Velocity time graph find position, acce?

[fashion_fever]

The velocity-versus-time graph is shown for a particle moving along the x-axis. Its initial position is xo=4.80 m at to=0.00 s. What is the particle's position at t=1.25 s if the total time the particle moves is 5.00 s and the maximum velocity is 2.00 m/s?


1)At t=3.75 s, what is the particle's position?

2)At t=3.75 s, what is the particle's acceleration?

I tried to find the position by finding the area up until 3.75,but the answer seems not right...
and acceleration i used v final - v initial / change in time. but I am not sure if it's right or not..
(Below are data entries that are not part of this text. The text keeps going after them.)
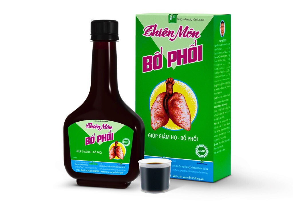Ví dụ sản phẩm: Thiên Môn Bổ Phổi Bình Đông, sản phẩm nổi bật từ Dược Bình Đông, chứa thiên môn đông, bạc hà, trần bì, giúp bổ phế, giảm ho khan, ho có đờm và làm mát phổi. Sản phẩm được kiểm định an toàn bởi Cục An Toàn Thực Phẩm – Bộ Y tế, phù hợp cho người bị đau rát họng, ho kéo dài.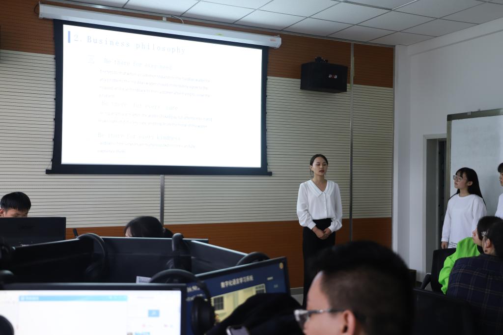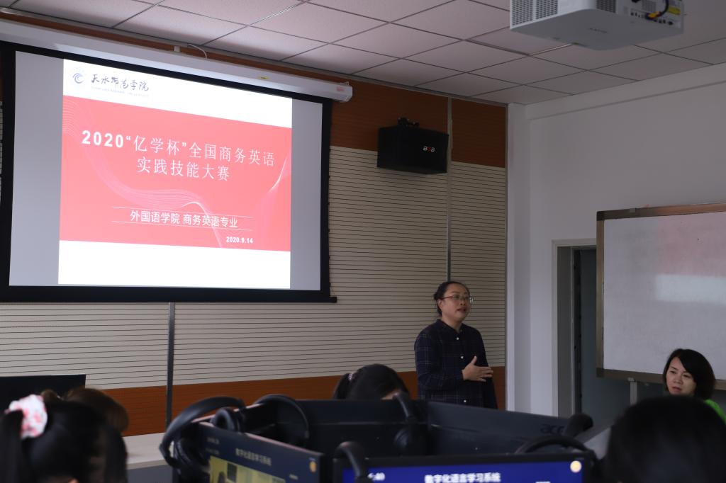 为加快培养具有国际视野、通晓国际规则、能够参与国际事务和竞争的国际化人才,巩固高校大学英语和英语专业教育教学改革成果,展现新时代高校学生的中国情怀和国际视野,外国语学院商务英语专业于9月14日举办了2020“亿学杯”全国商务英语实践技能大赛的选拔赛。副院长马金海,商务英语系主任,任课教师,以及2019级商务英语一班的全体同学观摩了本次比赛。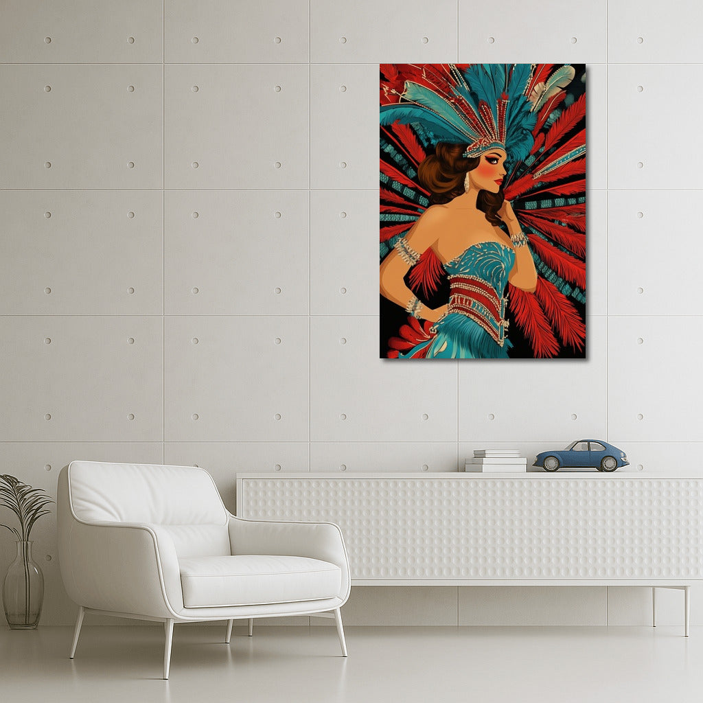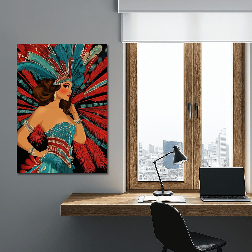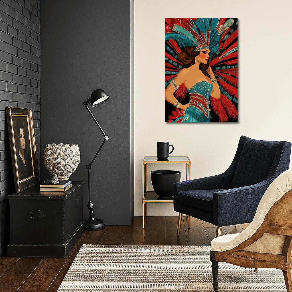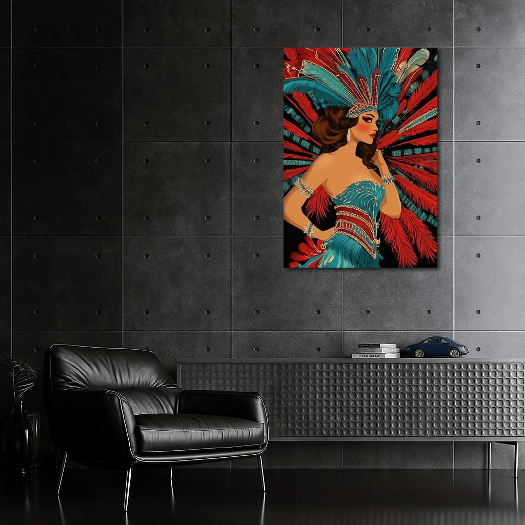 An exotic poster with bright feathers and grace adorns the walls, turning the space into a celebration of color and art. See more from the collection: Mixed Wall Art

if some1 can help with the steps, that'll be great~thanks

 

[CharliH]

Acceleration is the slope of a velocity-time graph.
Change in position is the area under the graph from the start time to the end time. - Remember to add this to the initial position

Until you do calculus, you pretty much need to learn that by heart. (If you have some calculus, the above basically says a = dv/dt and that change in position is the integral of velocity.)
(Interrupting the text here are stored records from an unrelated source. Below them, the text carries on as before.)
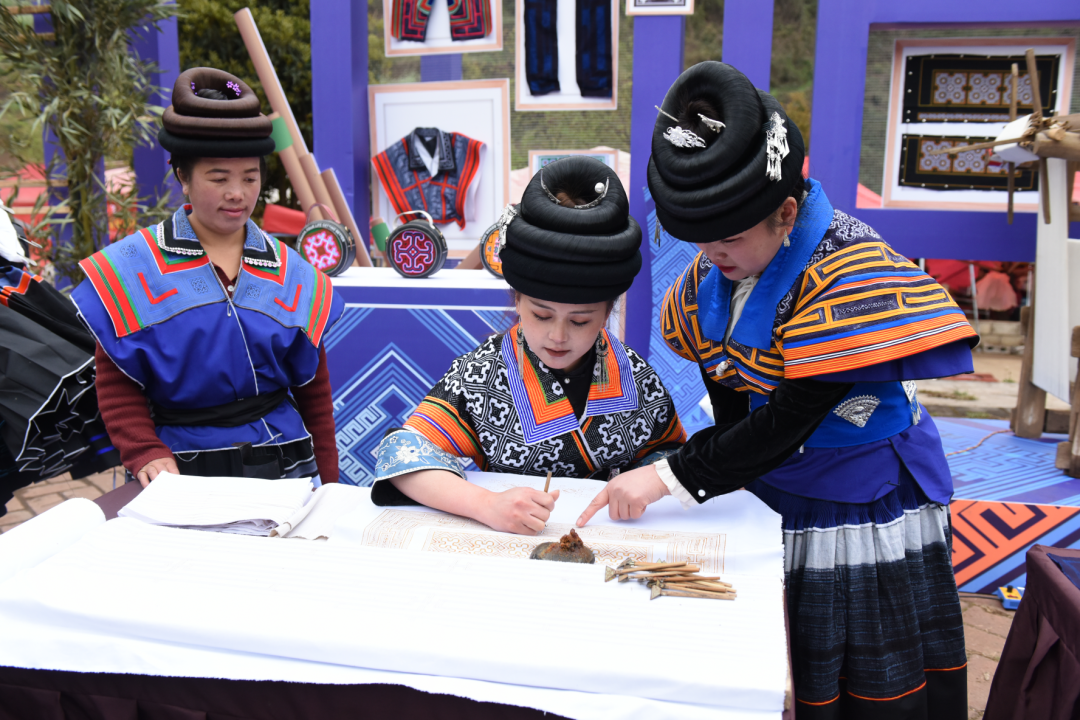 非物质文化遗产展示区早被围得水泄不通。现场,传承人李桂花手持铜刀在蜂蜡上游走,眨眼间勾出一朵活灵活现的杜鹃花。“闺女手要稳,蜡刀斜着走线才不断。”她手把手教浙江游客小林制作时,说起自家作坊的新变化:“去年乡里帮我们开了网店,上海客人订了五十条蜡染围巾说要办艺术展咧!”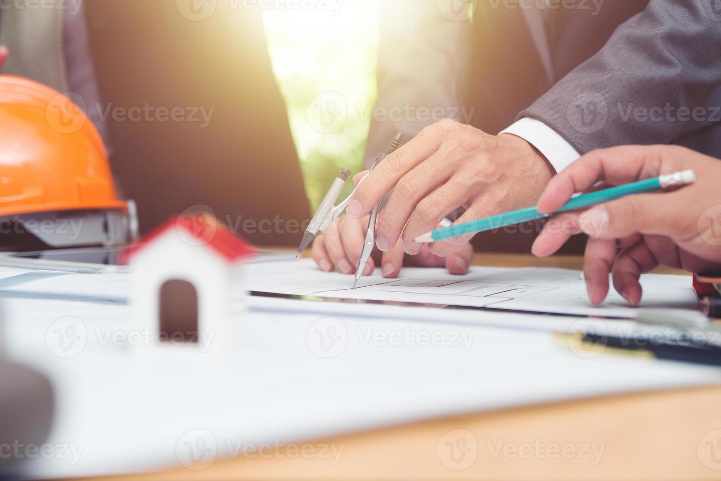 Team of architects or engineer discussing on desk with blueprint about new startup project on desk. Team group on construciton site check documents and business workflow.Selective focus. Pro Photo
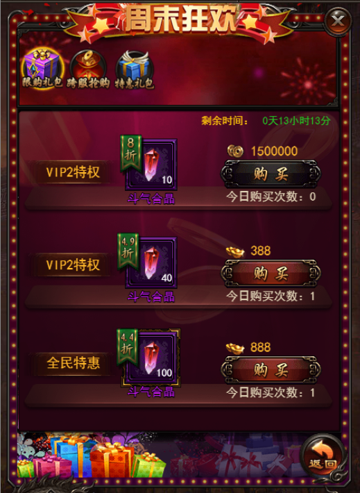 活动说明:活动期间推出特惠礼包,多款礼包选择,超额优惠等你领取。
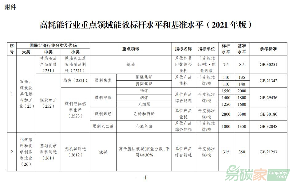 節能降碳的若干意見》,指導各地科學有序做好高耗能行業節能降碳技術改造,有效遏制“兩高”項目盲目發展,經商有關方面,現發布《高耗能行業重點領域能效標桿水平和基準水平(2021年版)》,并就有關事項通知如下。

Slope = change in y/change in x
You need to calculate this for a straight portion of the graph. If there are kinks in the graph, it means the acceleration is changing. You need to work on a part where it's constant.

 

[fashion_fever]

got it thanks.

 

[sawan9695]

how would you find the area for last small triangle 3-3.75s
1/5(0.75)(what would be height ?

 

[rwisz]

1) To find the particle's position at t=1.25 s, we can use the formula for position on a velocity-time graph: x = xo + vot + 1/2at^2. Plugging in the given values, we get x = 4.80 + (2.00)(1.25) + 1/2(0)(1.25)^2 = 7.55 m. Therefore, the particle's position at t=1.25 s is 7.55 m.

2) To find the particle's acceleration at t=3.75 s, we can use the formula for acceleration on a velocity-time graph: a = (vf - vi)/t. Plugging in the given values, we get a = (2.00 - 0)/(3.75) = 0.53 m/s^2. Therefore, the particle's acceleration at t=3.75 s is 0.53 m/s^2.